Bitcoin Needs Power: How We Can Get Some Using The Atom.

Image by Burghard Mohren from Pixabay.

It is undeniable that bitcoin consumes a lot of power as miners verify transactions using proof of work. According to the Cambridge bitcoin Electricity Consumption Index, the network is currently consuming 14.93 gigawatts of power (cbeci.org). That is 139.15 terawatt hours per year, more than the energy consumption of Norway and Argentina, among other countries (BBC). One cannot argue that bitcoin guzzles electricity. And something needs to be done about it. Bitcoin may not contribute as much CO2 to the atmosphere as gasoline cars and many other activities, but it is significant. 36.95 megatons are put into the air by the currency every year according to CNBC.
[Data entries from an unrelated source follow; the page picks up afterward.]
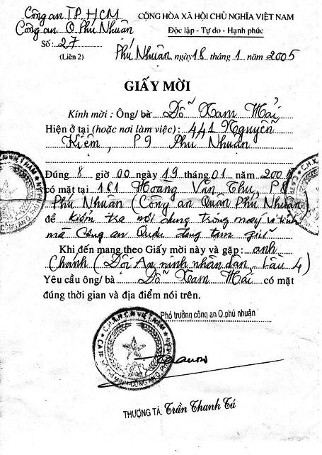 chiều tối ngày 18/1/2005, tôi có nhận được 1 Giấy Mời do thượng tá Trần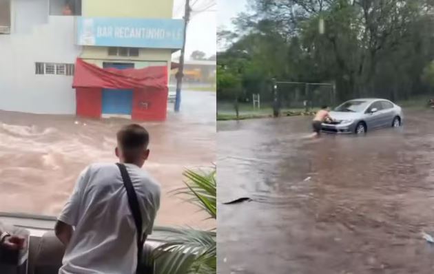Moradores registraram vídeos nas redes sociais mostrando ruas completamente alagadas, além de carros e motos sendo arrastados pela força da enxurrada. Equipes da Defesa Civil e da Prefeitura continuam cuidando dos danos causados pelo temporal.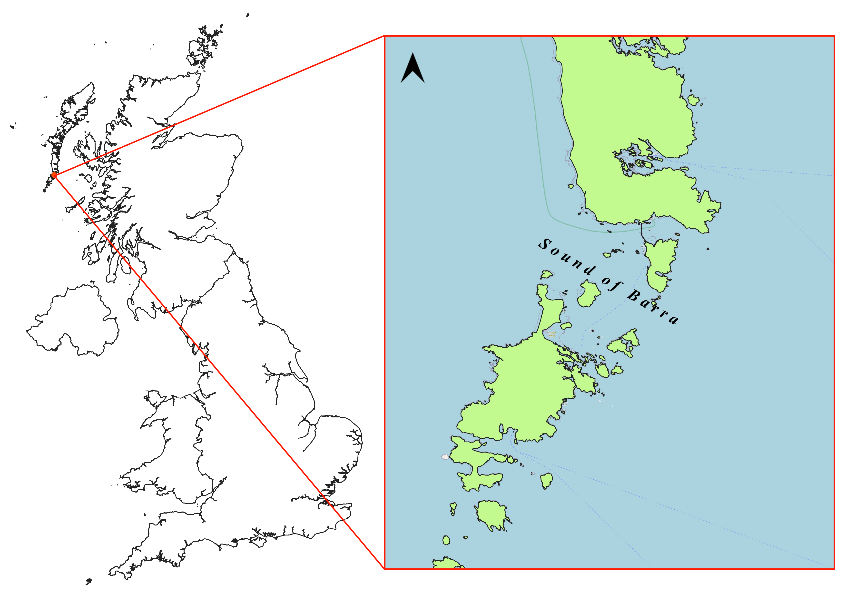 Figure 2: Map of area of interest in Sound of Barra, Outer Hebrides, Scotland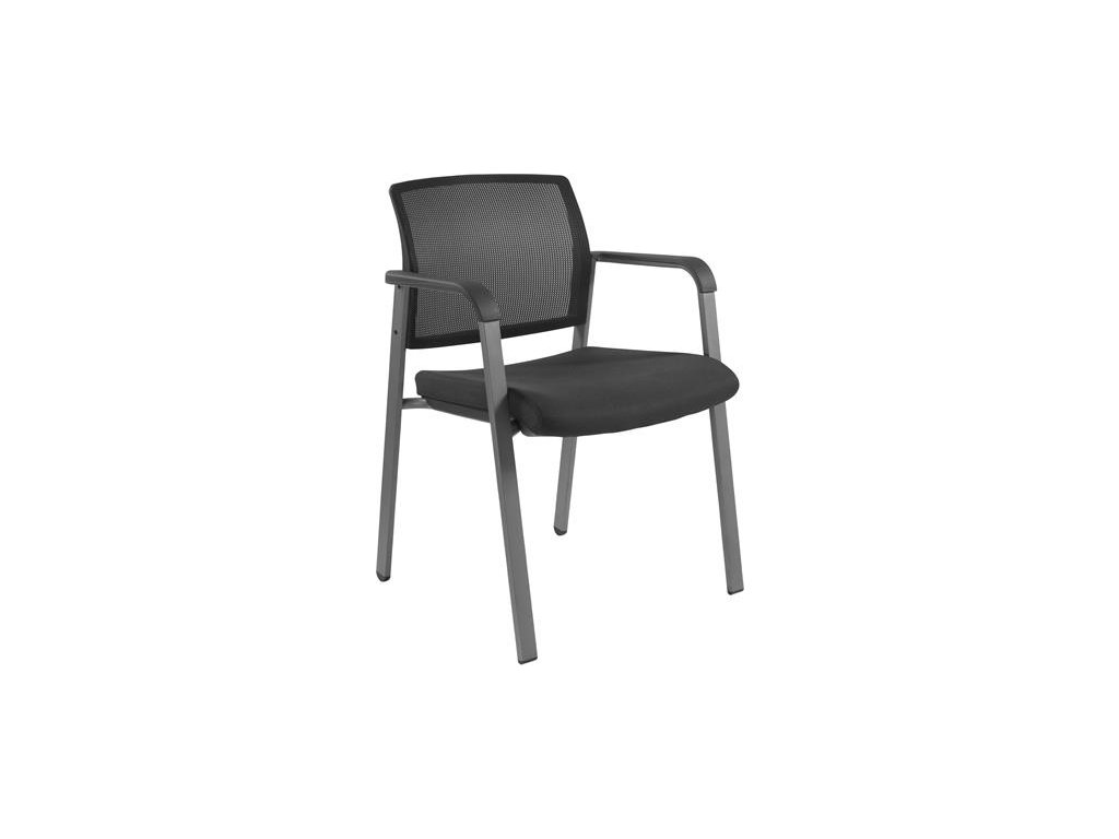 Konferenčná stolička, látkový poťah, chrómovaný oceľový rám, plastová lakťová opierka, "Miro 4L", čierna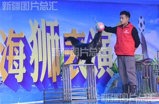 2024年1月2日,博乐市北山海洋馆工作人员引导海狮表演。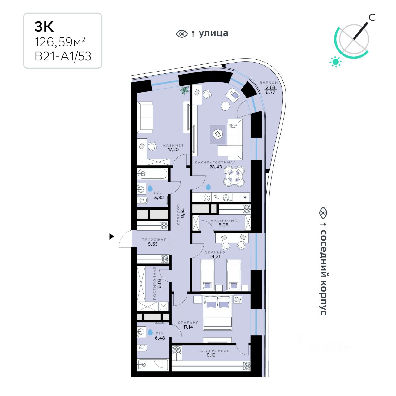 В продаже — трехкомнатная квартира с чистовой отделкой, общей площадью 126,59 кв. м. Квартира расположена на одинадцатом этаже одинадцатиэтажной секции корпуса класса Адвансд в новом районе СберСити, который строит Сбер. Дом находится на второй береговой линии Москвы-реки.
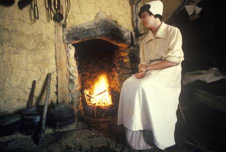 Participant tending fire in historic Jamestown, Virginia, site of the first English Settlement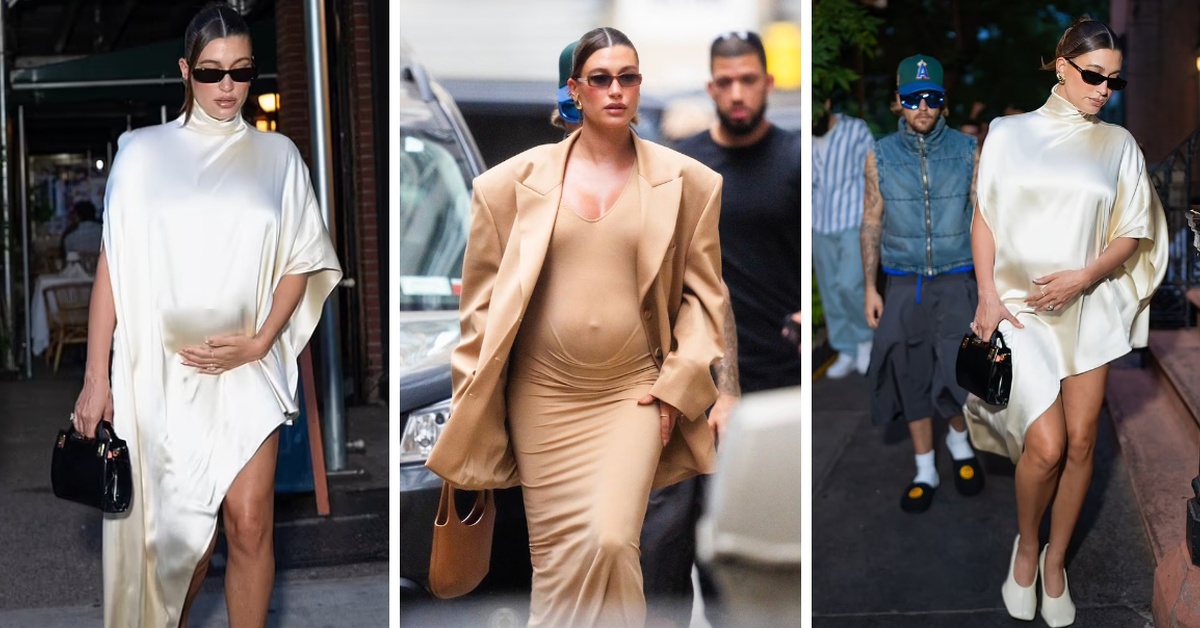 Хејли носеше асиметричен фустан во бисерна нијанса за вечерно излегување во саканиот. Таа постојано си го галеше пораснатото стомаче.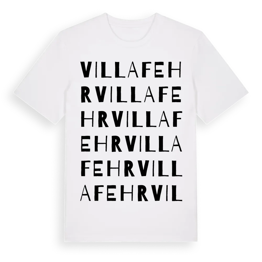 Villa Fehr ordlek t-shirt är inspirerad av stadsdelen Villa Fehr i Blekinge län, Sverige. Tröjan är designad för dig som har en speciell koppling till platsen – oavsett om du bor här, har rötterna här eller bara älskar Villa Fehr.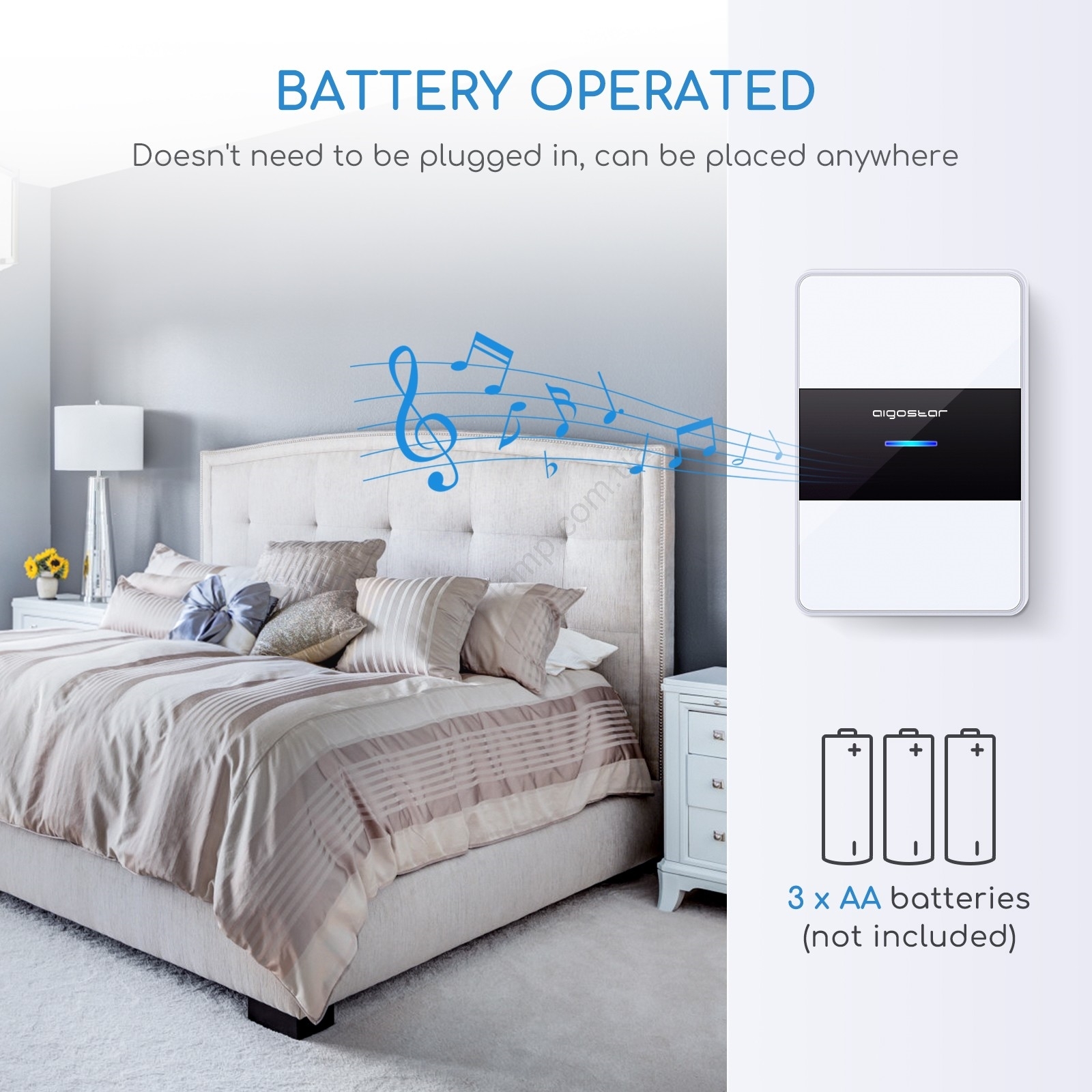 • Питание дверного звонка: 3x батарейки типа AA (батарейки не входят в комплект).
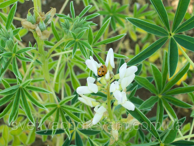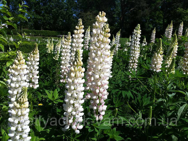 Люпин білий. Рослина утворює великий чагарник висотою до 1,5 м. Його від основи розгалужені пагони покриває смарагдова пальчаста листя. По її краях густо ростуть сріблясті вії. Сегменти зігнуті уздовж центральної жилки. Білі квіти з легким рожевим або блакитним відтінком ростуть в довгих суцвіттях, розташовуючись по спіралі.

This is not good. We totally agree with those who say that this is a problem. Many miners are moving to renewable power, which is good, but a lot are still relying on cheap coal energy. But it is not a problem that is unique to this cryptocurrency. The whole world is putting billions of tonnes of the greenhouse gas into our only atmosphere every year. Something needs to be done. I believe that nuclear power is a solution to the world’s need for clean energy. It is our best shot at placating our insatiable need for energy. Nuclear fusion has the potential to supply virtually limitless energy from seawater if we can only figure out how to harness it. And nuclear fission, if it can dispel its bad rap sheet, has the potential to give us energy in a safe matter. It is important that we understand this technology if we are to consider using it in the future to combat the imminent threat of climate change. So read on, and learn about the wonders of atomic electricity generation.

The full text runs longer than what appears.